PJAK SEÇİMLERİ BOYKOT ÇAĞRISI YAPTI
Kürdistan Özgür Yaşam Partisi (PJAK) da yaptığı açıklamayla İran seçimlerinin boykot edilmesi çağrısında bulundu.

HAMANEY TEHDİT ETTİ
İran'ın dini lideri Ayetullah Ali Hamaney, oy kullanmanın ulusal bir görev olduğunu belirterek halkı oy kullanmaya çağırdı. "Seçim zayıf olursa herkes zarar görür" sözleriyle de boykot çağrıları yapanları tehdit etti. 

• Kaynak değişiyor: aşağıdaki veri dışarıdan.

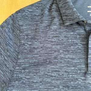 Cleveland Guardians Polo Shirt Men XL Majestic Cool Base Blue Baseball Digital. This dark blue short sleeve polo from Majestic Cool Base is perfect for a lover of the Cleveland Guardians baseball team. It is a men's extra large. It has an all over blue on blue digital camo print. The fabric contents are 100% polyester. The Cleveland Guardians symbol is on the chest. In excellent used condition. Measurements and condition shown in photos.
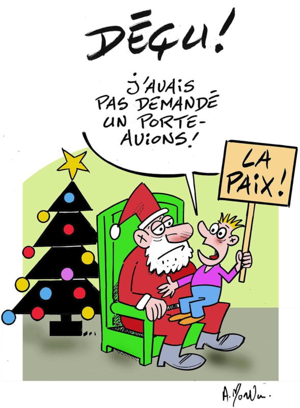 Ce gamin ne voulait pas un porte-avions pour Noël. Il voulait la paix, ce qu’il indique avec une pancarte qu’il tient à la main. Sûr qu’il ne doit pas être d’accord avec les consignes du chef d’état-major qui nous demandait de faire le sacrifice de nos enfants !
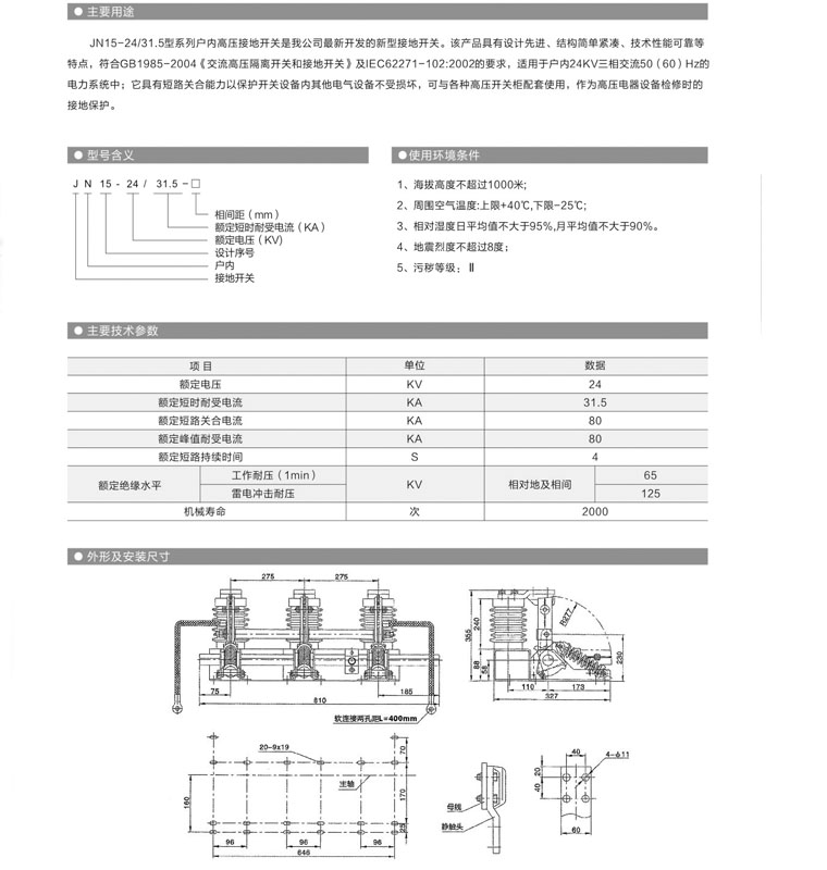 帶*項為必填項目咨詢:JN15-24/31.5型戶內高壓接地開關
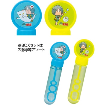 ゲゲゲの鬼太郎といっしょにシャボン玉であそぼう!ゲゲゲの鬼太郎と目玉おやじの可愛いイラストがついたシャボン玉スティックです。シャボン液入りなので開けてすぐに遊べます。軽くて持ちやすいので小さなお子さまでも遊びやすいサイズです。お外遊びやイベントの景品としてもおすすめです。大容量の24本セット。箱は什器になっているので、店頭やディスプレイにも最適!
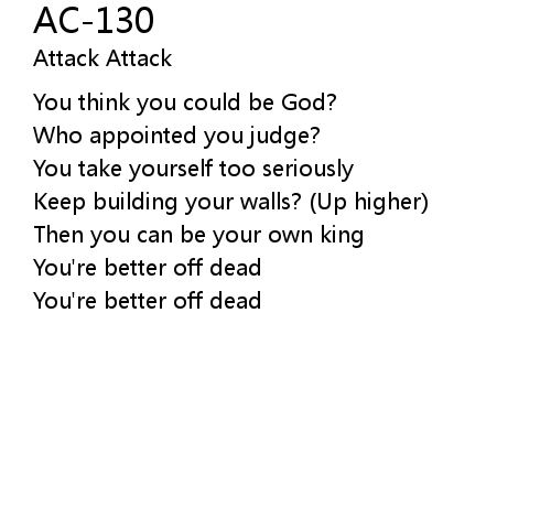 | Song | AC-130 |
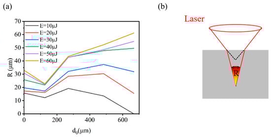 (a) The modification radius changes curve with the variation of laser pulse energy E and focusing depth d0. (b) Schematic model diagram of modification radius inside the material.
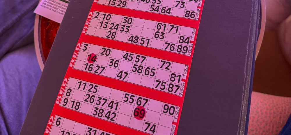 Auf Deck 8 fanden wir einen schönen Platz und machten uns für die Bingo Runde bereit. Lya und Lea gingen noch kurz ins Four Elements, da man dort Clubbie-Magnete basteln konnte. Die Bingo-Runde begann und es war sooooo spannend… …relativ schnell fehlten uns nur noch drei Zahlen… …trotzdem kein Glück. Ein Mann von Deck 7 rief Bingo und gewann mal eben € 2.660,-.
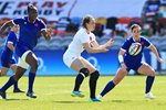 Emily Scarratt of England passes the ball during the Women's Six Nations match between England and France at The Stoop on April 24, 2021 in London, England. Sporting stadiums around the UK remain under strict restrictions due to the Coronavirus Pandemic as Government social distancing laws prohibit fans inside venues resulting in games being played behind closed doors. (Photo by David Rogers/Getty Images)
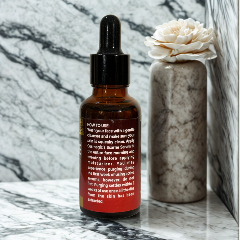 Reveal smoother, clearer, and more even-toned skin with Scarne Serum — your targeted solution for acne scars, open pores, and uneven skin tone. This advanced formula works to fade the appearance of scars, tighten enlarged pores, and restore skin’s natural radiance. Lightweight and fast-absorbing, Scarne Serum penetrates deep into the skin, delivering active ingredients that promote renewal and improve texture, giving you a refined, healthy-looking complexion.
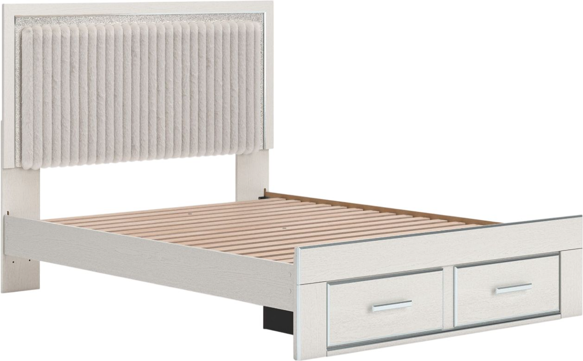 If glitz and glam are your jam, you’re gonna love this queen upholstered panel storage bed. Gleaming glitter and dazzling chrome-tone touches wow with a sophisticated tufted gray faux fur for a stunning pop of pizzazz. Spacious storage drawers with large-scale handles sporting faceted details don’t disappoint.Read More
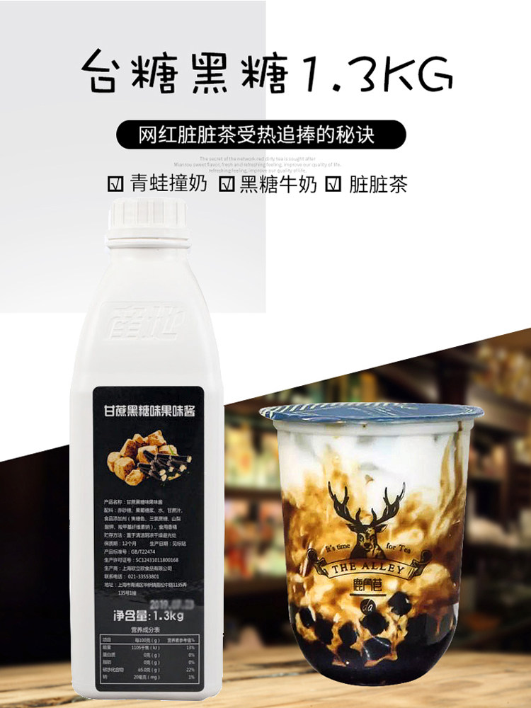 Taiwan produced black sugar syrup pearl mesh red deer corner alley dirty milk tea cup cup of milk tea shop dedicated black sugar raw materials
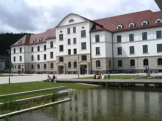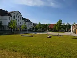 The Landesgymnasium's campus is situated at the University park in the east of Schwäbisch Gmünd. During the 20th century it was used as barracks initially by the German Army (Bismarck Kaserne) and then after WWII as a US military base with nuclear Pershing II missiles stationed nearby, which were eliminated in 1990. In 1992, the US forces withdrew and the campus was used as a spin-out of the University of Maryland University College until 2002. School building, boarding houses and teachers' flats are situated in the recently renovated barracks while the canteen and a gym were newly built on the former parade ground.[1]
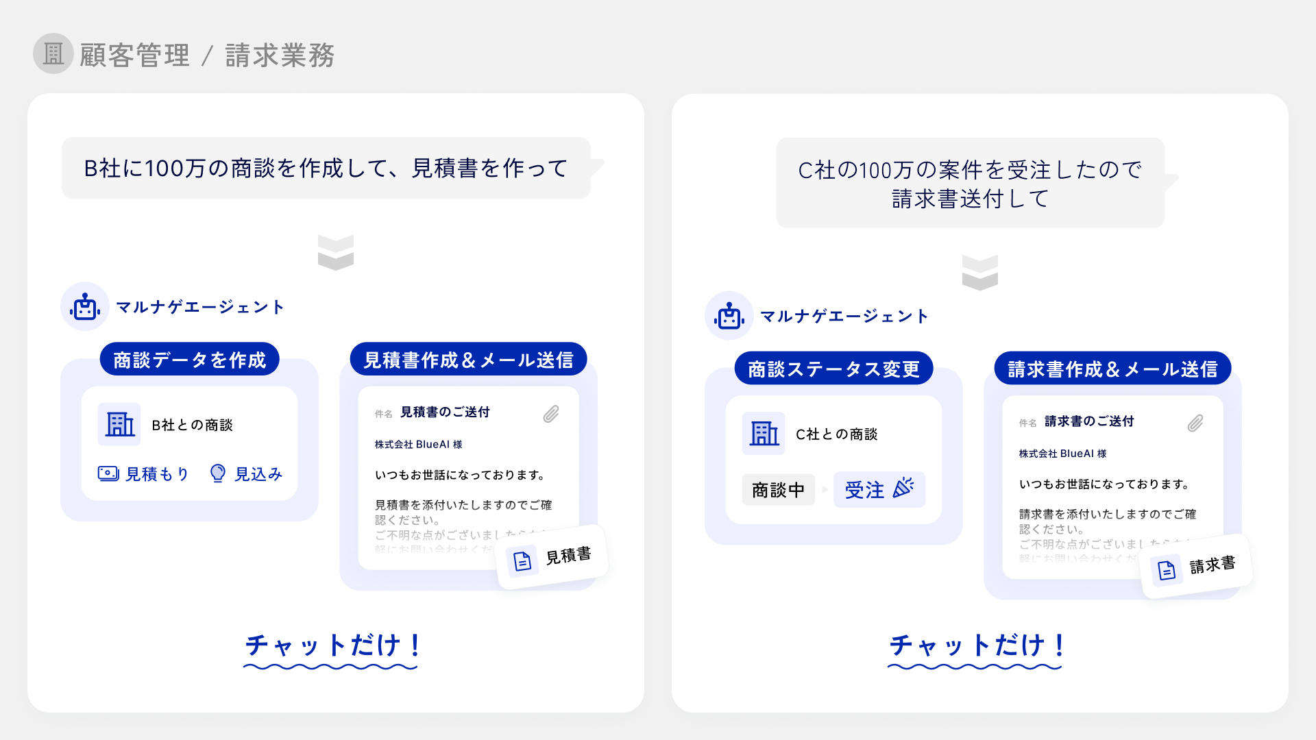 顧客管理業務も「商談作成とお礼メール送信して」とチャットするだけ
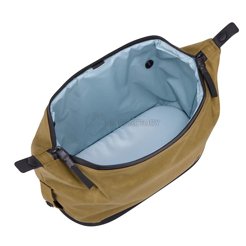 Расширьте боковые клапаны, чтобы вместить больше предметов, или застегните их для более компактной сумки
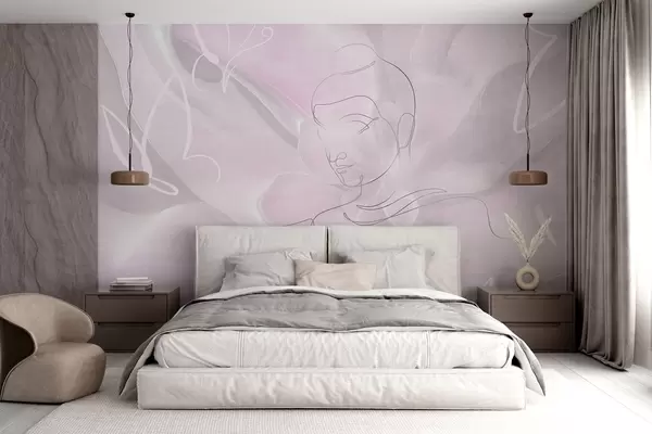 Papel tapiz Abstracción floral con dibujo lineal de Buda, colores rosas Nr. w04004v2

Rojhilat Urmiye Polis Müdürlüğü sözcüsü Rahim Cihanbexş, boykot çağrısı yapan 50'yi aşkın kişiyi gözaltına aldıklarını açıkladı.

Rahim Cihanbexş, boykot çağrılarının sosyal medya üzerinden de yapıldığını belirtti, sosyal medya üzerinden, seçimleri etkileyecek ve toplumsal düzeni bozacak herhangi bir paylaşımın yasaların ihlali anlamına geldiğini savundu.

İran rejimi, seçimleri mevcut rejimin uluslararası kamuoyundaki meşruiyeti bakımdan önemli görüyor. Seçimlerin yapılmaması ya da katılımın sınırlı olması halkın desteğini arkalamamış bir yönetim/parlamentonun ülke içinde olduğu kadar ülke dışında da daha fazla tartışılır olması anlamına gelecektir.

SEÇİMLERE KATILIMIN YÜZDE 30 OLACAĞI TAHMİN EDİLİYOR
İranlı araştırma kuruluşu olan ISPA, 2023 yılı Ekim ayında seçim anketleri yapmış fakat sonuçları kamuoyu ile paylaşmamıştı. Anketlerde seçimlere katılımın düşük olması nedeniyle yayınlanmadığına ilişkin yorumlar yapılıyor. Çeşitli siyasi çevreler ve basın kuruluşları da seçimlere katılımın yüzde 30'la sınırlı olacağına işaret ediyor.

2020 yılında yapılan parlamento seçimlerinde, 57 milyon 718 bin 159 seçmenden yüzde 42'si sandığa gitmişti. Bu da 1979 sonrası en düşük oy oranı olarak belirtilmişti.